Recommendation: Add a permanently visible header and prominent links for aiding global navigation.

 

Continuous Layout

Net Art Anthology uses a long-form structure for its landing page. If it weren’t for the browser’s vertical scrollbar, it would be impossible for users to anticipate the effort required to reach the bottom of the page. Replacing the continuous layout with pagination or chapters or filtering, would alleviate the psychological consequences of endless scrolling, like exhaustion or frustration, for task-driven users looking for specific information quickly. Just as eliminating consumer choices can greatly reduce anxiety for shoppers [4], content on smaller pages may be less overwhelming for users to evaluate because there are fewer options [5]. Coupled with naturally mapping artworks and chapters chronologically (Figure d), users would have a clearer understanding of the what the information possibilities for search.

Figure (d). Screenshots illustrating the current order of chapters.
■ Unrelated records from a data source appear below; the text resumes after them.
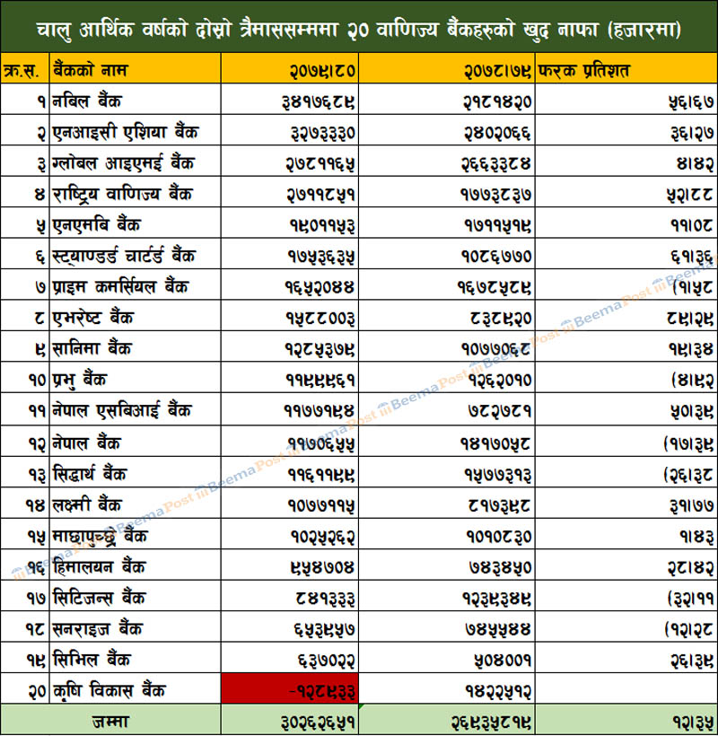 त्यस्तै, नबिल बैंकले ५६.६७ प्रतिशतले नाफा बढाएको छ भने राष्ट्रिय वाणिज्य बैंकले ५२.८८ प्रतिशत, नेपाल एसबिआइ बैंकले ५०.३५ प्रतिशत, एनआइसी एशिया बैंकले ३६.२७ प्रतिशत, लक्ष्मी बैंकले ३१.७७ प्रतिशत, हिमालयन बैंकले २८.४२ प्रतिशत, सिभिल बैंकले २६.३५ प्रतिशत, सानिमा बैंकले १९.३४ प्रतिशत, एनएमबि बैंकले ११.०८ प्रतिशत, ग्लोबल आइएमई बैंकले ४.४२ प्रतिशत र माछापुच्छ्रे बैंकले १.४३ प्रतिशत बढीले नाफा बढाएको छ ।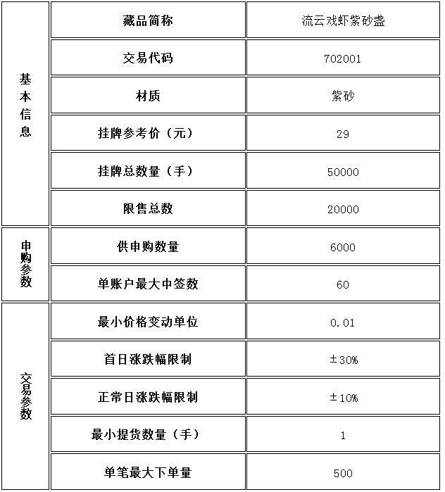 經(jīng)景德鎮(zhèn)陶瓷交易所有限公司(以下稱(chēng)本交易所)發(fā)行會(huì)員申請(qǐng),本交易所專(zhuān)家委員會(huì)、新藏品掛牌審核小組評(píng)估審核通過(guò),對(duì)已經(jīng)完成托管入庫(kù)的藏品《流云戲蝦紫砂盞》準(zhǔn)予在本交易所線上實(shí)物交易系統(tǒng)正式掛牌交易,具體事項(xiàng)公告如下: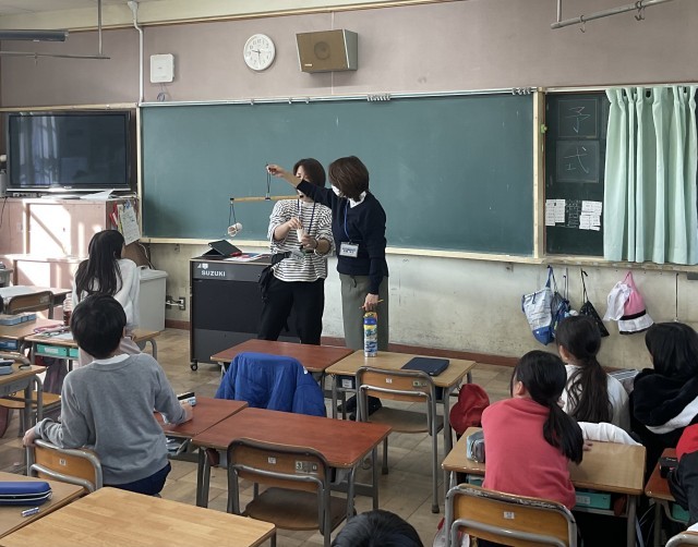 隣のクラスでは「重さの単位と測り方」の導入が行われていました。先生が実際に道具を使い、いろいろなものの重さを比べる活動です。これから子どもたちは gやkg といった単位、そして「はかり」の使い方を体験的に学んでいきます。
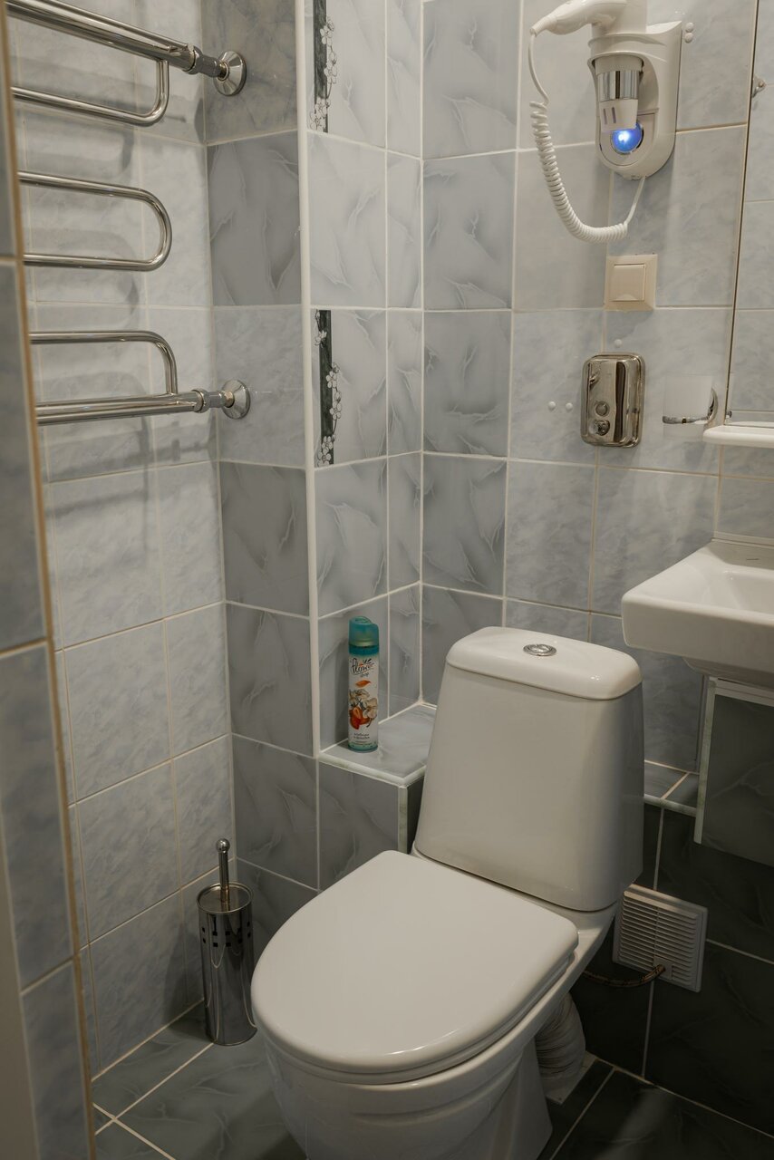 Были в Рязане с 12 на 13 августа. Забронировали 2х местный номер. Достался номер 1 на первом этаже. Сначала о плюсах: - Только расположение. 10 минут прогулочным шагом до Кремля и зоны вокруг него. На этом плюсы заканчиваются. Теперь о минусах: - Такое ощущение, что отель ‘застрял’ где-то в 90х. Линолеум допотопный, сантехника и мебель то же. Полы были не мытые. К сожалению, мы с женой забыли тапочки, думал похожу так, но после двух шагов по номеру пятки были просто ‘черные’, так и ходили в обуви. Кровать в номере была двухспальная, но, что удивительно, прикроватная тумбочка стояла только с одной стороны. С другой место было, а тумбочки не было. Кровать скрипела так, что не возможно было спать. Ночных светильников нет, только одна большая люстра с 3 лампочками под потолком. Шкафа нет совсем, только 2 крючка и 2 вешалки под одежду. Что самое интересное, что фен в номере был, а вот розеток не нашел ни в ванной, ни возле второго зеркала.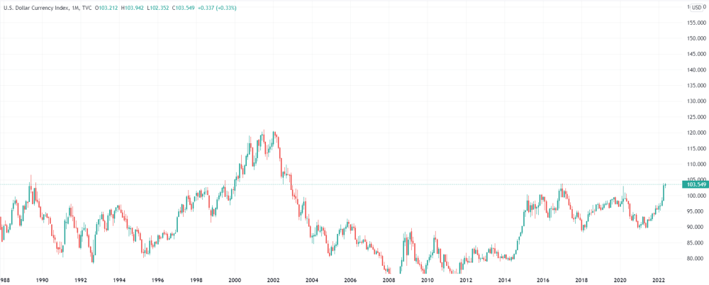 随着英镑和欧元在星期四疲软,美元指数上升到103,是2002年底以来的最高水平。
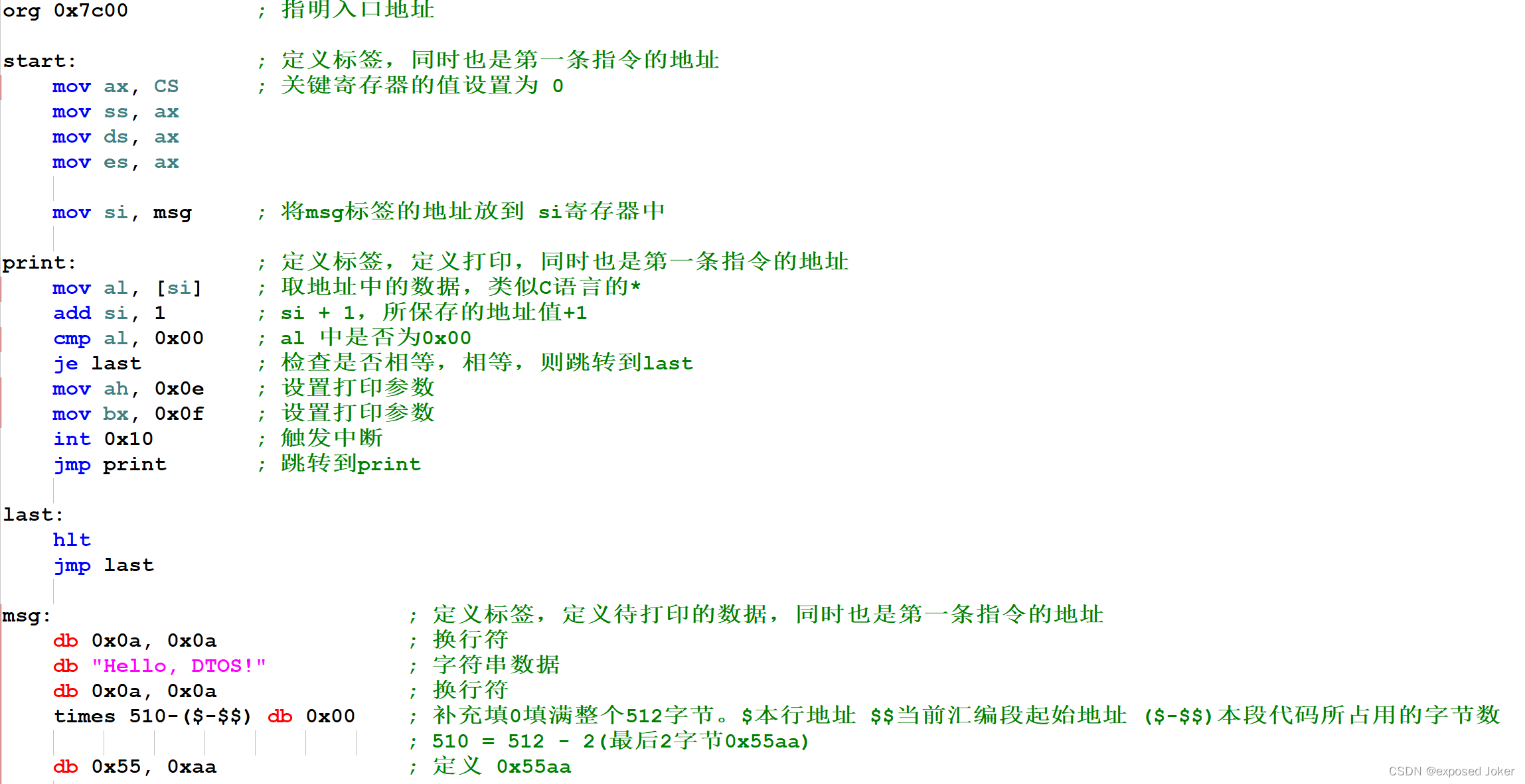 - 代码总量不能超过512个字节(包含0x55aa)

Natural mapping by chapter number (i.e. 1, 2, 3, 4, 5) would be one solution to improve the layout.

Recommendation: Add filtering or pagination and order content chronologically to combat information overload.

 

Color Palette

While not the most traditionally user-friendly, the constantly changing background color is quite delightful at the visceral level. Based solely on observation, it appears that each artwork container link triggers a unique color transition when users hover over the element. At the behavioral level, this ever-changing color attribute creates may give rise to feelings of annoyance or confusion in visitors. By leveraging a consistent a color palette throughout the experience that is informative rather than merely cacophonous (e.g. assigning the same background color to artworks featured in the same chapter), users would be provided with positive reassurance, thus encouraging a positive affective response.

Recommendation: Make feedback clear, consistent, and informative for positive reassurance.

 

Final Thoughts

Perhaps the unforgiving style of Net Art Anthology is an intentional nod to Web 1.0 hand-coded HTML. It may also reflect the rising popularity of “web brutalism,” a design trend that derives its philosophy from its mid 20th century architectural movement namesake, eschewing artificiality and lightness in favor of modular, raw, and unpolished aesthetics [6]. However, the author is confident that many, if not all, of the aforementioned recommendations could be implemented while still maintaining a brutalist or web-nostalgic style.

 

References

  1. Connor, M. (2016, October 27). Net art anthology launches today. Rhizome. Retrieved from https://rhizome.org/editorial/2016/oct/27/net-art-anthology-microsite-launches/
  2. Norman, D. (2013). The design of everyday things: Revised and expanded edition. New York, NY: Basic Books.
  3. Bawcombe, L. (2014, August 27). The hamburger menu-icon debate. The Atlantic. Retrieved from https://www.theatlantic.com/product/archive/2014/08/the-hamburger-menu-debate/379145/
  4. Schwartz, B. (2004). The paradox of choice: Why more is less. New York, NY: Harper Perennial.